(DATA EXTRACT)
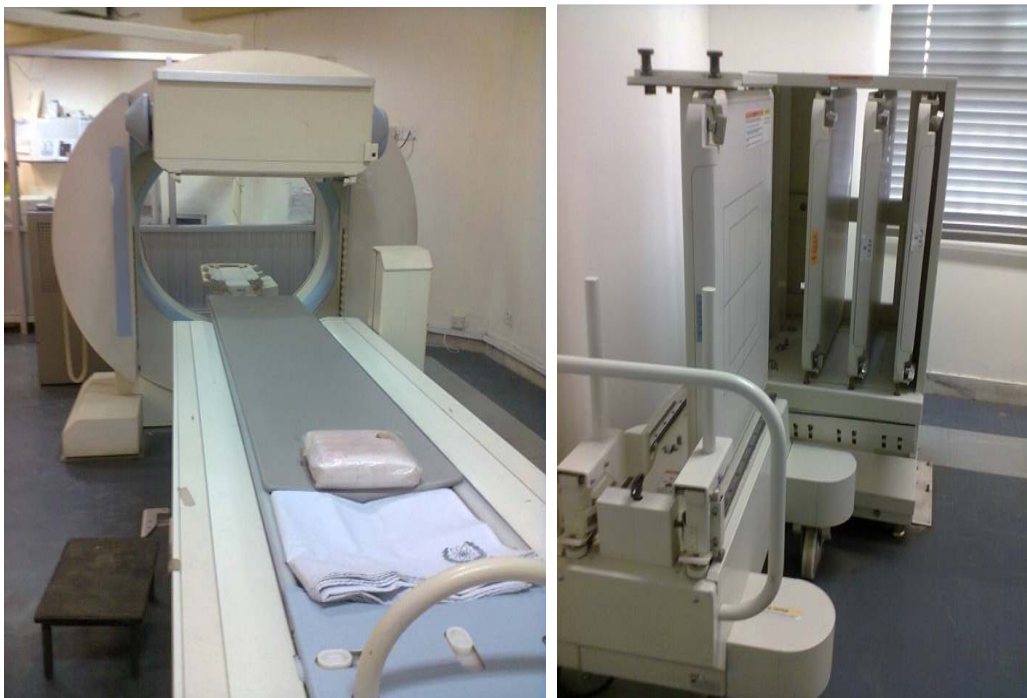
Fig. 1A & B. Siemens E Cam Bone Scan Machine

Serum levels of ca15-3 were measured with the help of Gama Counter (Fig. 1C) with computerized system and IRMA kit (Immunoradiometric Assay) by IMMUNOTECH, REF, and IRMA 2397. We collected the serum in simple tubes and stored at <-18 degree centigrade. First diluted the samples and control by adding 10/ul of samples or control in to glass tubes and then adding to each tube 500/ul of diluents and then shaken gently before use. To coated tubes we added 200/ul of calibrator, of diluted sample or of diluted control then incubated for two hrs at 18- 25 degree centigrade with shaking at 400 rpm. Then aspirated the content of each tube, then washed twice with 2/ml of distilled water. After that we carefully aspirated. After aspiration we added 200/ul of tracer in each tube, incubated for 1 hr at 18-25 /degree centigrade with shaking at 400 rpm. For counting the bind antigen antibody, aspirated the content of each tube, then washed twice with 2/ml of distilled water. Then counted for 1 minute both bound B cpm and total cpm. We also added the 200/ul of tracer in 2 additional tubes to obtain total cpm.
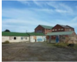
2013 Amenities building, main building and tanks from north east.jpg
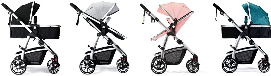
Figure 5.1: Illustration of the 2-in-1 reversible seat functionality.

Easily switch between bassinet and seated modes, facing parents or facing the world.
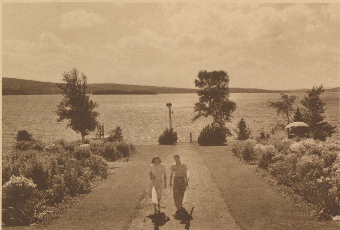
Maine lakes are noted for their purity. Fortunate indeed is the person who can leave the city and spend a part of each year near these beautiful lakes.
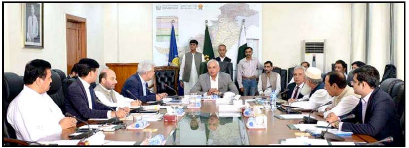
ISLAMABAD: Federal Minister for Communications & Railways Mr. Shahid Ashraf Tarar presiding over meeting of National Highway Council - Supreme body of National Highway Authority. ISLAMABAD: Federal Minister for Communications & Railways Mr. Shahid Ashraf Tarar presiding over meeting of National Highway Council - Supreme body of National Highway Authority.

ISLAMABAD (APP): Caretaker Federal Minister for Information and Broadcasting Murtaza Solangi said on Thursday that notification regarding the ban on Rs 5,000 currency notes was fake. In a post on X, formerly Twitter, the minister said that the government would take strict action against those spreading such fake notifications.
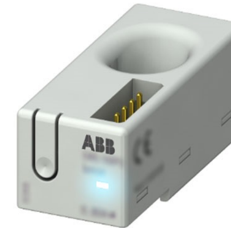
ABB Eco Solutions™

Each sensor is equipped with a microprocessor to process signals and transmit data digitally to the control unit via the bus interface. This reduces cabling needs, enhances transmission reliability, and eliminates common issues associated with analog data. Closed-core current sensors are optimal in new installations for higher accuracy.
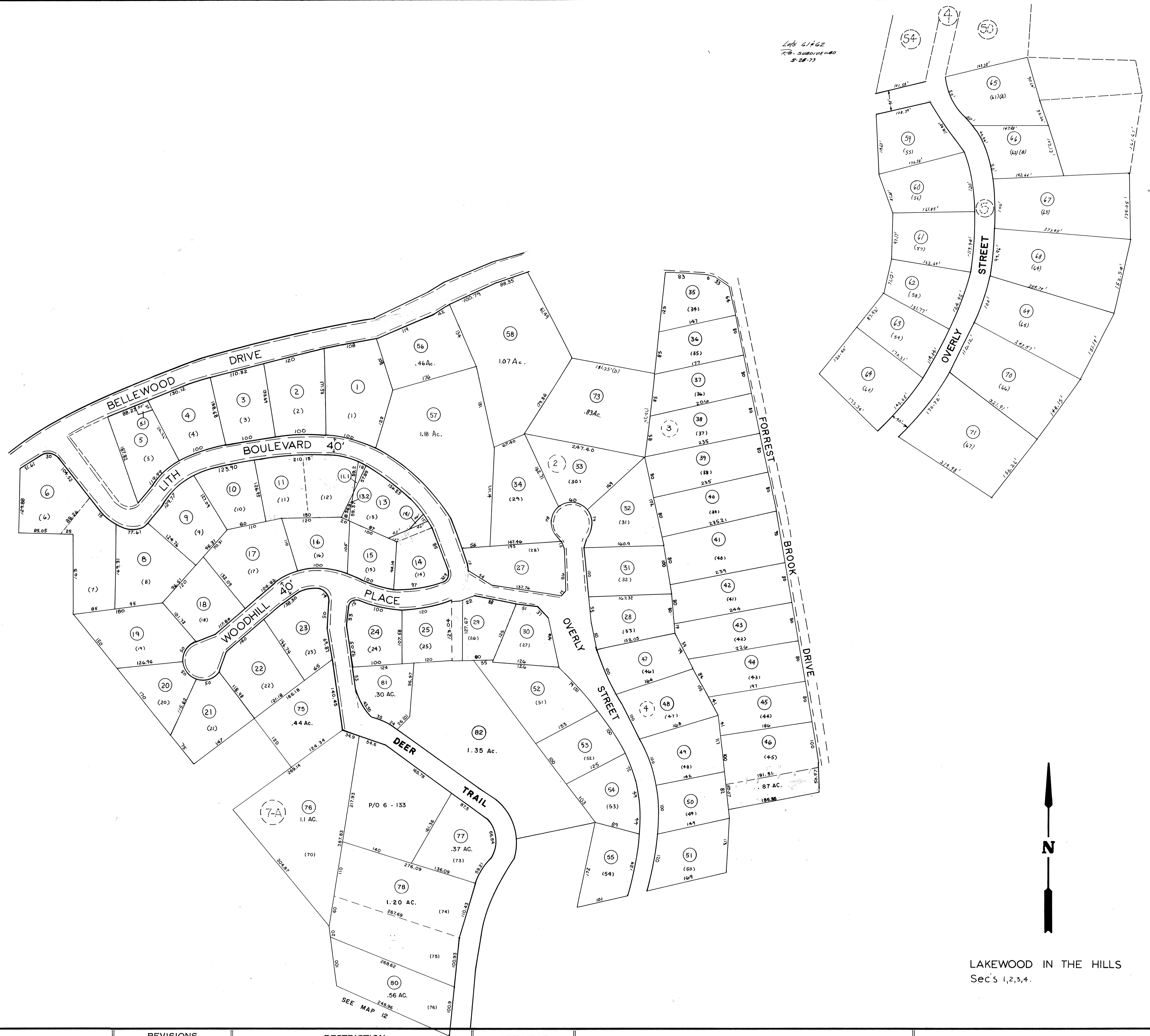
LAKEWOOD IN THE HILLS Sec's 1,2,3,4.

For Tax Purposes Only Prepared by LOCAL GOVERNMENT RELATIONS DIV. STATE TAX COMMISSIONER CHARLESTON, W.VA.
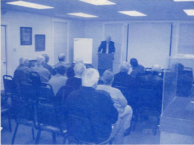
April General Membership Meeting
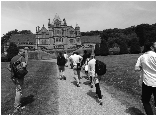
Figure 0.1 A snapshot of the research visit that preceded the public event on 23 June 2018 (photo by the author taken by courtesy of NT-Tyntesfield).

Conversations around ways of thinking about the British Isles vis-à-vis the global Hispanic world continued through our online platform
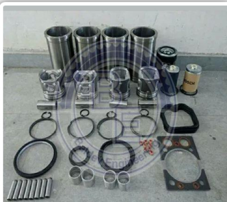
Sonalika Tractor Spare Parts
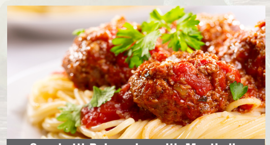
Spaghetti Bolognese with Meatballs

Fettuccine Carbonara 22.99 Cream, butter, bacon, parmesan cheese
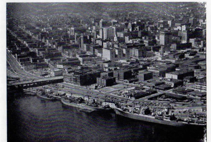
Portland - the Rose City

Vital Link Between SPOKANE, PORTLAND & CALIFORNIA Portland, Pasco, Spokane and East
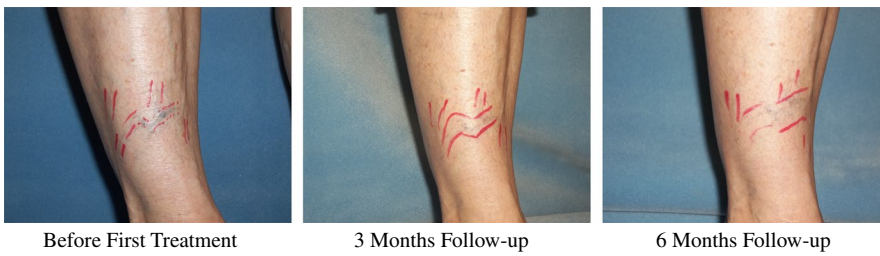
FIGURE 5 A sample case (same patient as in Figure 3) demonstrating 3- and 6-mo follow-up results. Before (left), at 3-mo follow-up (middle) and at 6-mo follow-up (right)
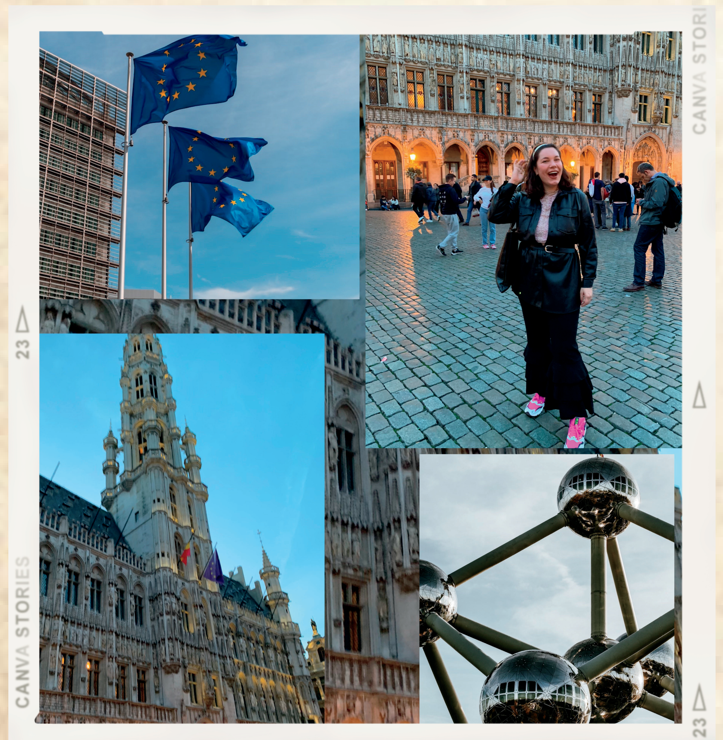
Brussels, the European capital and its dual function within heritage promotion
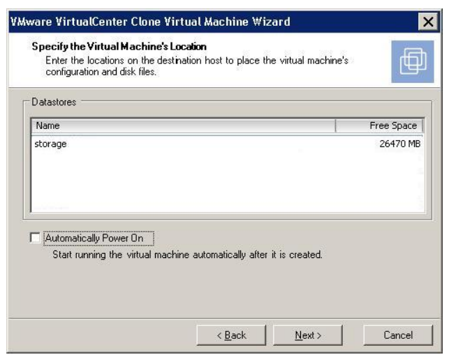
Figure 1: VC 1.4 – Uncheck "Automatically Power On"

1. Clone/Deploy a Windows VM and leave the "Automatically Power On" option in the Clone Virtual Machine Wizard unchecked, as in Figure 1 for VirtualCenter 1.4 or leave the "Power on the new virtual machine after creation" unchecked in VirtualCenter 2.0 as in Figure 2.
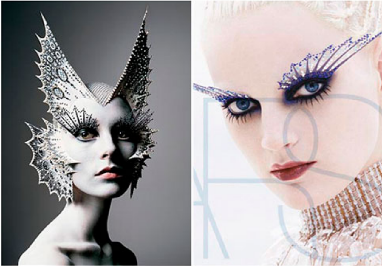
'Paper' magazine cover and the NARS Fall 2005 ad campaign.

Cher, first and foremost; David Bowie in 1972, his glam rock period (I wouldn't be a makeup artist if it weren't for him); Grace Jones; Elizabeth Taylor; Greta Garbo – an endless list, really.
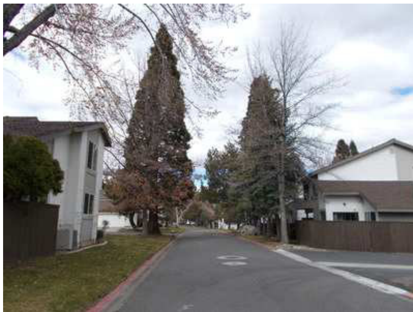
The Asphalt Road Maintenance Schedule includes the Surface Maintenance Treatment, Overlay and Crack Seal. This Schedule is an estimation only.
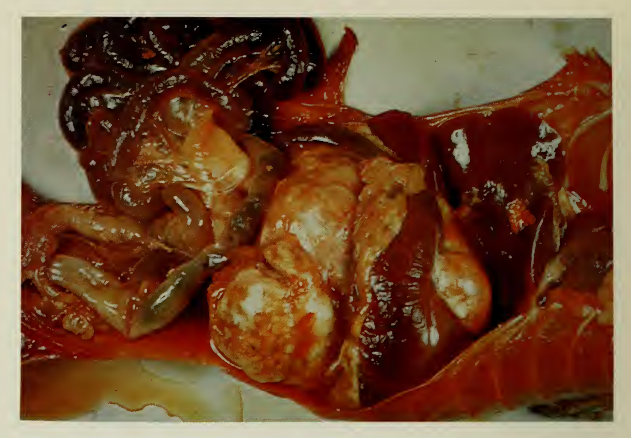
Fig. 3. Tuberculosis – lesions in abdominal organs.
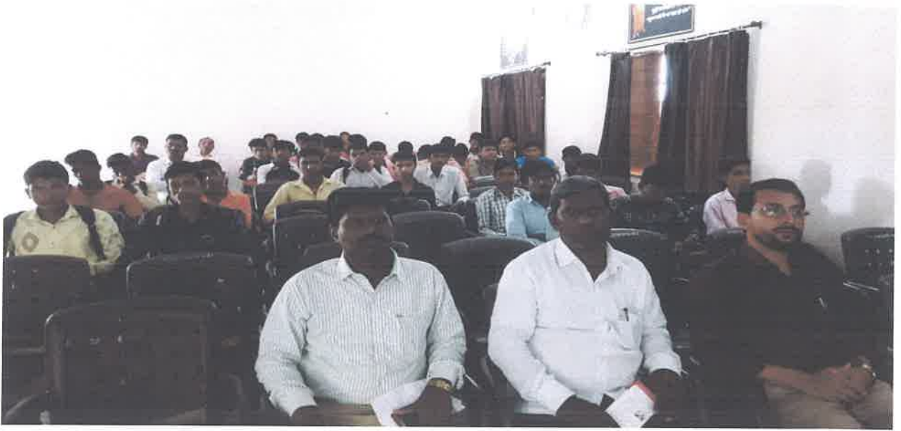
College Teaching staff and students at Health Awareness programme.

PRINCIPAL Arts, Commerce & Science College, Ashti Tal. Ashti Dist. Beed
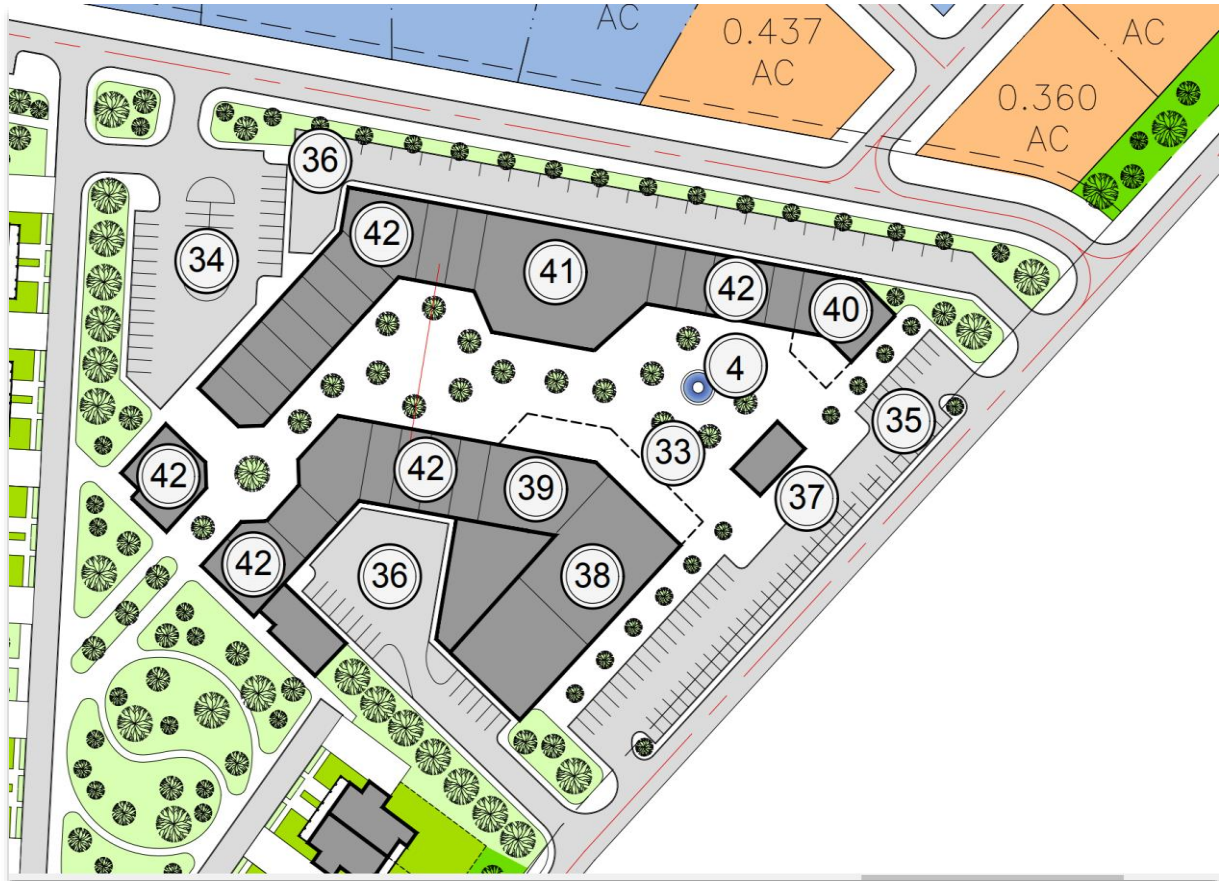
Veritatis Splendor Shopping Village Site Plan
(End DATA EXTRACT)
**PROBLEM TO SOLVE:** The expected answer is a copy of each line in the records that holds the word "Portland".

**YOUR SOLUTION:**
Portland - the Rose City
Vital Link Between SPOKANE, PORTLAND & CALIFORNIA Portland, Pasco, Spokane and East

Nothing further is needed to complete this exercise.